Cascade Acquisition Corp. does not have significant operations. The company was incorporated in 2020 and is based in Miami Beach, Florida. Cascade Acquisition operates under Shell Companies classification in the United States and is traded on New York Stock Exchange.Simplify Exchange Traded has 141.07 K in debt with debt to equity (D/E) ratio of 5.85, demonstrating that the company may be unable to create cash to meet all of its financial commitments. Simplify Exchange Traded has a current ratio of 0.05, suggesting that it has not enough short term capital to pay financial commitments when the payables are due. Debt can assist Simplify Exchange until it has trouble settling it off, either with new capital or with free cash flow. So, Simplify Exchange's shareholders could walk away with nothing if the company can't fulfill its legal obligations to repay debt. However, a more frequent occurrence is when companies like Simplify Exchange Traded sell additional shares at bargain prices, diluting existing shareholders. Debt, in this case, can be an excellent and much better tool for Simplify to invest in growth at high rates of return. When we think about Simplify Exchange's use of debt, we should always consider it together with cash and equity. | |
Simplify Exchange Traded has about 379.05 K in cash with (898.66 K) of positive cash flow from operations. This results in cash-per-share (CPS) ratio of 0.01. | |
Over 86.0% of Simplify Exchange shares are held by institutions such as insurance companies |
Check out Trending Equities to better understand how to build diversified portfolios, which includes a position in Simplify Exchange Traded. Also, note that the market value of any etf could be closely tied with the direction of predictive economic indicators such as signals in nation. You can also try the Portfolio Rebalancing module to analyze risk-adjusted returns against different time horizons to find asset-allocation targets.

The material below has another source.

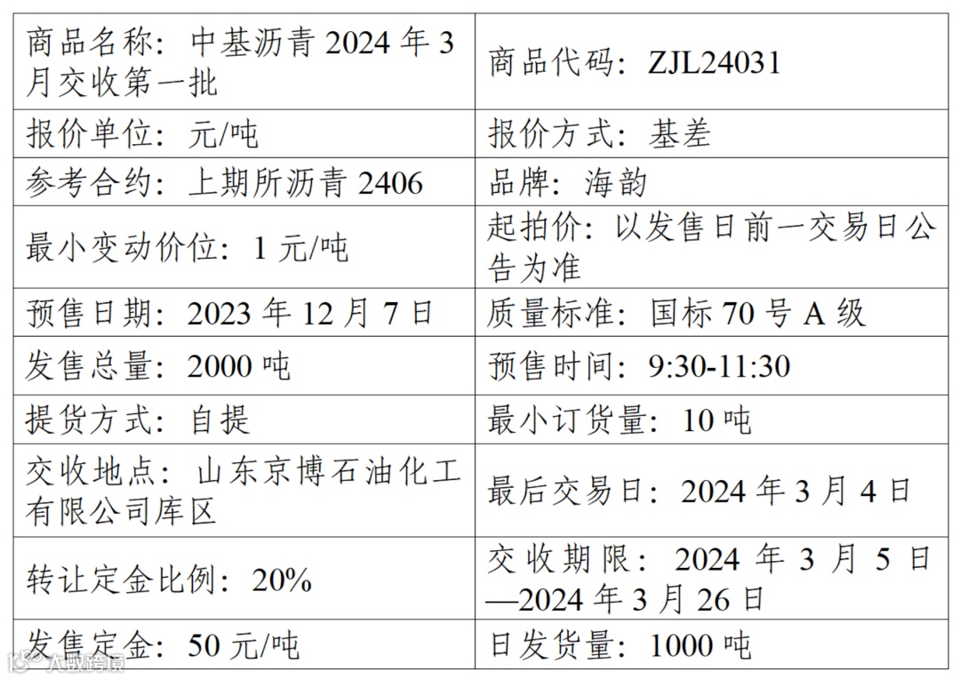 集团股份有限公司定于2023年12月7日在产能预售系统中发售2024年3月交收第一批沥青产品,具体信息如下:

The market value of Simplify Exchange Traded is measured differently than its book value, which is the value of Simplify that is recorded on the company's balance sheet. Investors also form their own opinion of Simplify Exchange's value that differs from its market value or its book value, called intrinsic value, which is Simplify Exchange's true underlying value. Investors use various methods to calculate intrinsic value and buy a stock when its market value falls below its intrinsic value. Because Simplify Exchange's market value can be influenced by many factors that don't directly affect Simplify Exchange's underlying business (such as a pandemic or basic market pessimism), market value can vary widely from intrinsic value.

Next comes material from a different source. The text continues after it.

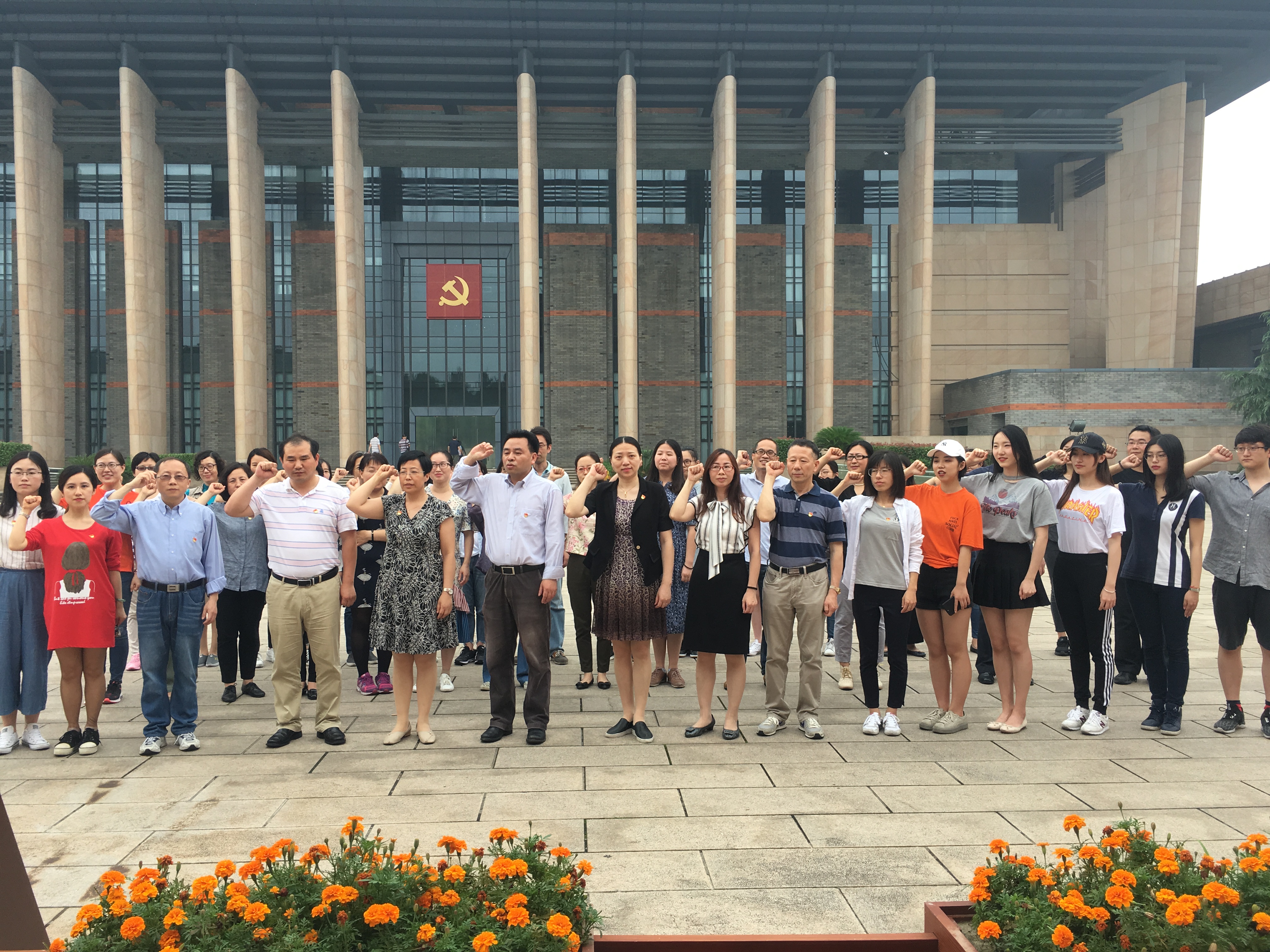 在纪念馆的宣誓墙前,党员们在鲜红的党旗前庄严郑重地举起右手,在党总支书记的领誓下,重温了入党誓词。进一步唤醒了党员意识和责任意识,坚定了理想信念。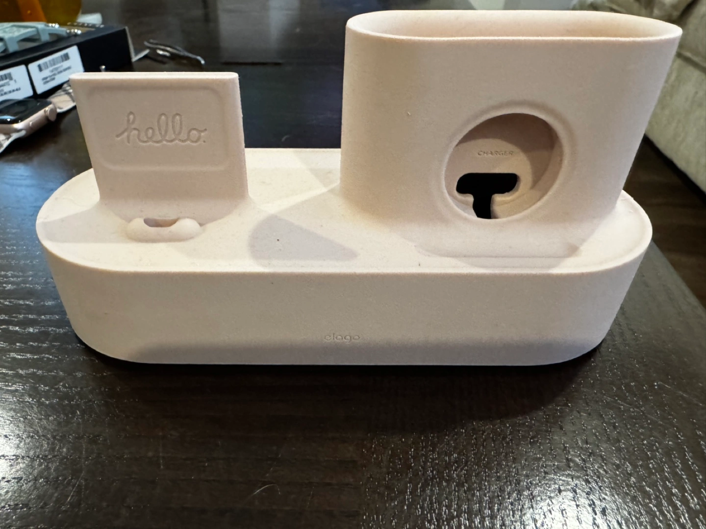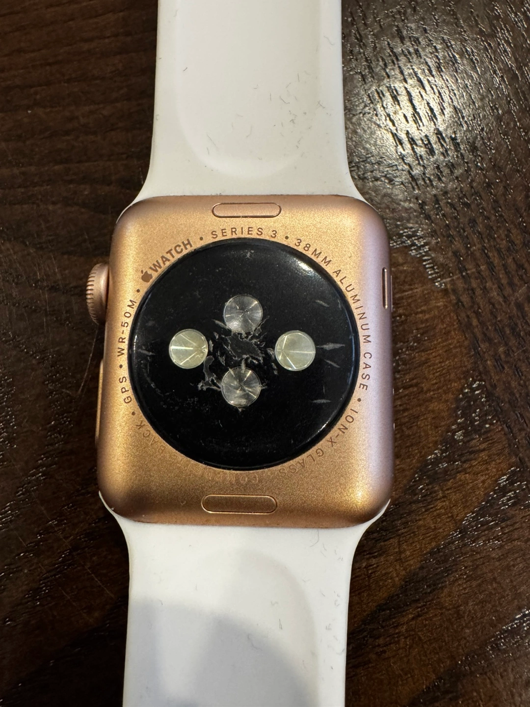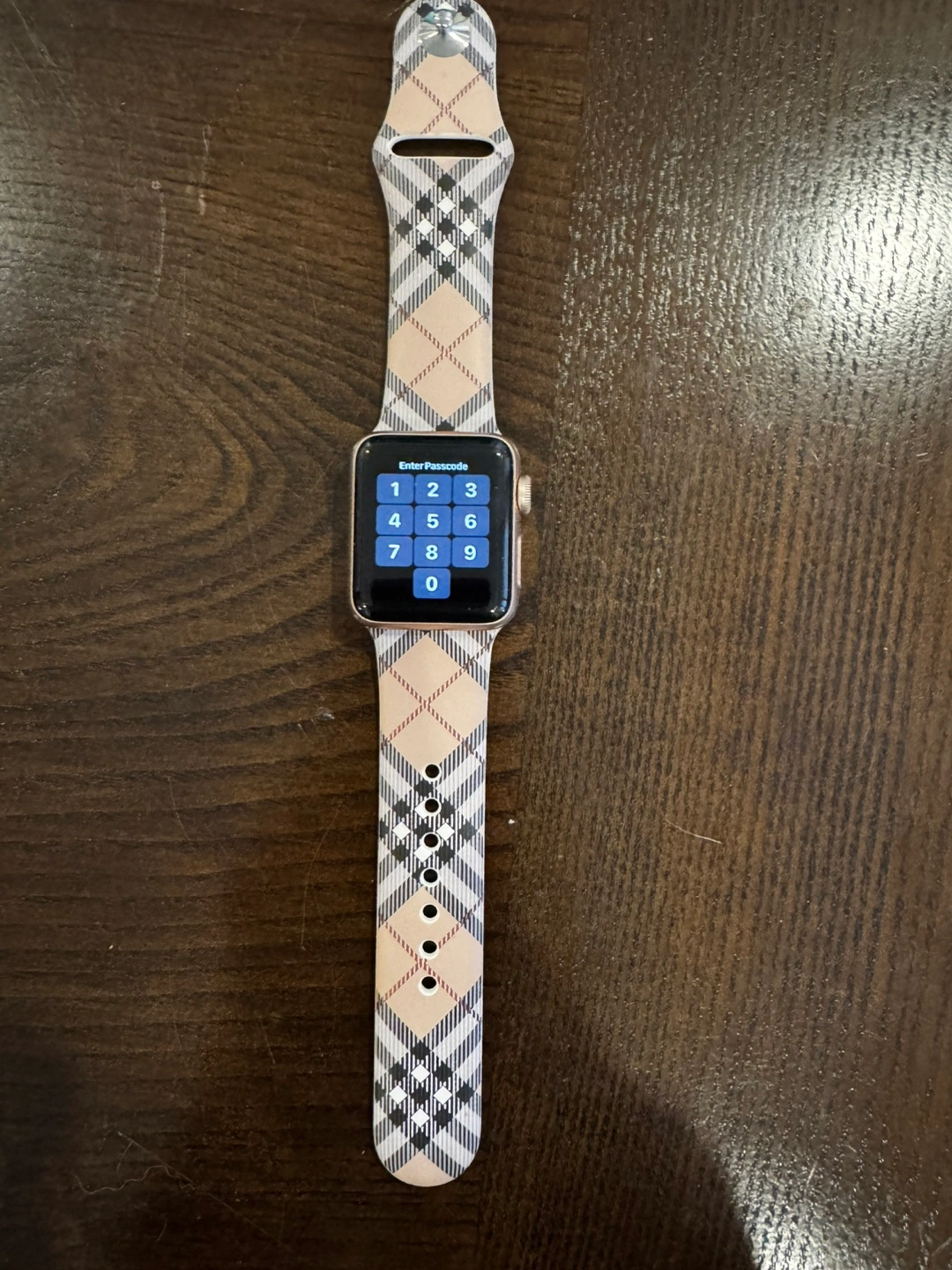 Apple Watch Series 3, 38mm aluminum case. Includes three bands: one patterned silicone band, one leopard print silicone band, and one light blue Coach band. Also included is a pink Elago charging stand.

Please note, there is a significant difference between Simplify Exchange's value and its price as these two are different measures arrived at by different means. Investors typically determine if Simplify Exchange is a good investment by looking at such factors as earnings, sales, fundamental and technical indicators, competition as well as analyst projections. However, Simplify Exchange's price is the amount at which it trades on the open market and represents the number that a seller and buyer find agreeable to each party.